We want to preserve stochasticity in a stronger sense, which is to say: first measure, for G, the min and max over all its states, of the sum of the (arc probabilities plus final-prob) out of those states. This is what our program "fstisstochastic" does. If G is stochastic, both of these numbers would be one (you would actually see zeros from the program, because actually we operate in log space; this is what "log semiring" means). We want to preserve stochasticity in the following sense: that this min and max never "get worse"; that is, they never get farther away from one. In fact, this is what naturally happens when we have algorithms that preserve stochasticity in a "local" way. There are various algorithms that we need to preserve stochasticity, including:

  • Minimization
  • Determinization
  • Epsilon removal
  • Composition (with particular FSTs on the left) There are also one or two minor algorithms that need to preserve stochasticity, like adding a subsequential-symbol loop. Minimization naturally preserves stochasticity, as long as we don't do any weight pushing as part of it (we use our program "fstminimizeencoded" which does minimization without weight pushing). Determinization preserves stochasticity as long as we do it in the same semiring that we want to preserve stochasticity in (this means the log semiring; this is why we use our program fstdeterminizestar with the option –determinize-in-log=true). Regarding epsilon removal: firstly, we have our own version of epsilon removal "RemoveEpsLocal()" (fstrmepslocal), which doesn't guarantee to remove all epsilons but does guarantee to never "blow up". This algorithm is unusual among FST algorithms in that, to to what we need it to do and preserve stochasticity, it needs to "keep track of" two semirings at the same time. That is, if it is to preserve equivalence in the tropical semiring and stochasticity in the log semiring, which is what we need in practice, it actually has to "know about" both semirings simultaneously. This seems to be an edge case where the "semiring" concept somewhat breaks down. Composition on the left with the lexicon L, the context FST C and the H tranducer (which encodes the HMM structure) all have to preserve stochasticity. Let's discuss this the abstract: we ask, when composing A o B, what are sufficient properties that A must have so that A o B will be stochastic whenever B is stochastic? We believe these properties are:
    • For any symbol sequence that can appear on the input of B, the inverse of A must accept that sequence (i.e. it must be possible for A to output that sequence), and:
    • For any such symbol sequence (say, S), if we compose A with an unweighted linear FST with S on its input, the result will be stochastic.

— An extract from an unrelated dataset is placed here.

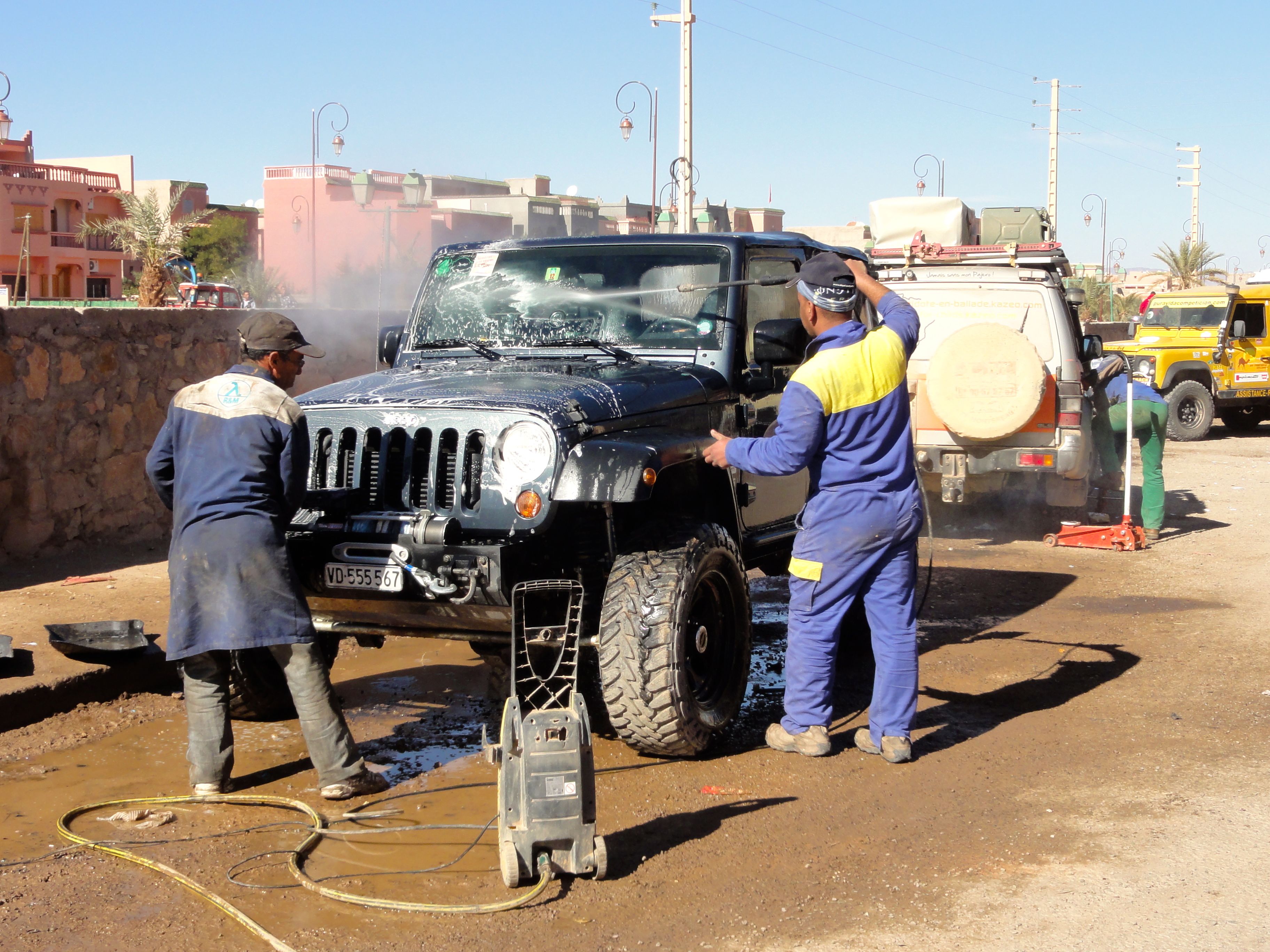 Once we were safely on the other side, we decided to stop for lunch at the auberge. Under a clear blue sky we shared the most delicious omelette Berbère in a setting as stunning as a tropical paradise in any tourist brochure. We talked a little with some locals and gave a man a lift to a nearby village in exchange for guiding us through the passable section of a muddy riverbed farther west. Several other tourists in 4×4’s took advantage of the opportunity to follow us through. The rest of the afternoon was uneventful.

These properties are true of C, L and H, at least if everything is properly normalized (i.e. if the lexicon weights sum to one for any given word, and if the HMMs in H are properly normalized and we don't use a probability scale). However, in practice in our graph creation recipes we use a probability scale on the transition probabilities in the HMMs (similar to the acoustic scale). This means that the very last stages of graph creation typically don't preserve stochasticity. Also, if we are using a statistical language model, G will typically not be stochastic in the first place. What we do in this case is we measure at the start how much it "deviates from stochasticity" (using the program fstisstochastic), and during subsequent graph creation stages (except for the very last one) we verify that the non-stochasticity does not "get worse" than it was at the beginning.